* [WHAT IS BEING ASKED]
Omit the pictures and print exactly the lines of the listing below, starting at the first and ending at the line containing "100-відсоткові вторинні мита, якими".

* [DATA SECTION]

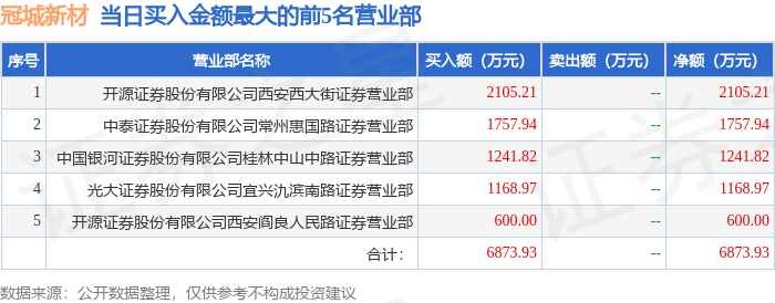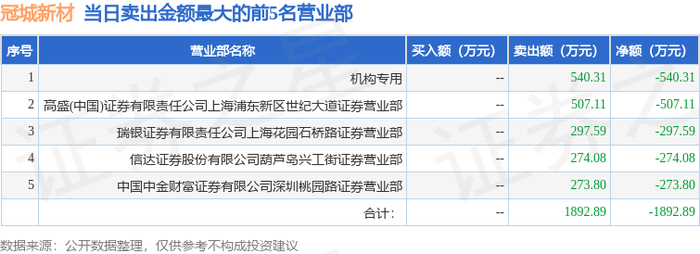 10月14日冠城新材(600067)龙虎榜数据:机构净卖出540.31万元
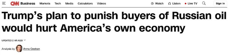 100-відсоткові вторинні мита, якими президент США Дональд Трамп погрожував Росії, завдадуть збитків самим США і будуть сприйняті як блеф. Найефективніше будуть санкції у розмірі 10-30%.
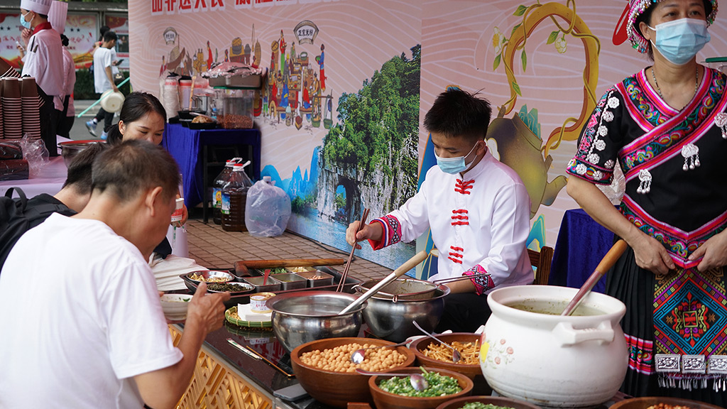 活動(dòng)現(xiàn)場(chǎng),“品非遺美食,游桂林山水”的主題引人入勝,桂林米粉、恭城油茶“非遺”文化展示及品嘗等活動(dòng)精彩紛呈。為確?;顒?dòng)的順利進(jìn)行,宏謀酒管公司迅速組織了20名一線工作者,他們不懼烈日高溫,全心全意地投入到工作中。盡管汗水浸透了他們的衣衫,但他們始終保持著飽滿的熱情和專注,為新生們提供了優(yōu)質(zhì)的服務(wù)。活動(dòng)現(xiàn)場(chǎng)氛圍火爆,總計(jì)供應(yīng)了2000碗米粉以及1500碗油茶,為初來乍到新生和家長們帶來了一場(chǎng)別具特色的美食文化盛宴。

* [EXERCISE RESPONSE]
 10月14日冠城新材(600067)龙虎榜数据:机构净卖出540.31万元
 100-відсоткові вторинні мита, якими президент США Дональд Трамп погрожував Росії, завдадуть збитків самим США і будуть сприйняті як блеф. Найефективніше будуть санкції у розмірі 10-30%.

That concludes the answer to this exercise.